The change in total product that results when a firm increases its usage of a particular resource by one unit, keeping all other resources constant, is referred to as the:

marginal product of that resource.

The long-run average cost curve of a firm is sometimes referred to as the firm's:

planning curve

The short-run variable costs of a law firm include:

the commission given to the lawyers. Any production cost that changes as the rate of output changes is called a variable cost. In this example, the lawyers are the variable resources used by the firm. Therefore, the commission paid to the lawyers is a variable cost borne by the firm.

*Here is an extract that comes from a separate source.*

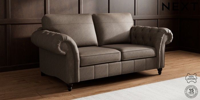 7.0.3 Buy Gosford Button Arm Leather 3 Seater Small Sofa Antiqued Leather Dark Brown Low Turned - Dark from the Next UK online shop Click here to use our accessible website

The implicit costs of a firm will include:

the entrepreneurial skills of the owner. Implicit costs are the opportunity costs of using resources owned by a firm or provided by the firm's owners.

The slope of the total cost curve at each rate of output equals:

the marginal cost at that rate of output. The slope of the total cost curve at each rate of output equals the marginal cost at that rate of output.

Suppose labor is the only variable input used in production. In this case, the marginal cost of production will increase when:

the marginal product of labor declines. When a firm experiences increasing marginal returns to labor, the marginal cost of output falls. When a firm experiences diminishing marginal returns to labor, the marginal cost of output increases.

Given resource prices and technology, a firm can minimize its cost of producing a particular rate of output in the long run by operating along the points of tangency between:

the short-run average cost curve and the long-run average cost curve The points of tangency between the short-run average cost curves and the long-run average cost curves represent the least-cost way of producing each particular rate of output, given resource prices and technology.

A firm is likely to experience increasing marginal returns from labor when:

there is specialization and division of labor Division of labor increases the marginal product of each worker and allows a firm to experience increasing marginal return from labor

Factors of production that can be adjusted quickly to increase or decrease production are called:

variable input Any resource that can be varied in the short run to increase or decrease production is called a variable input.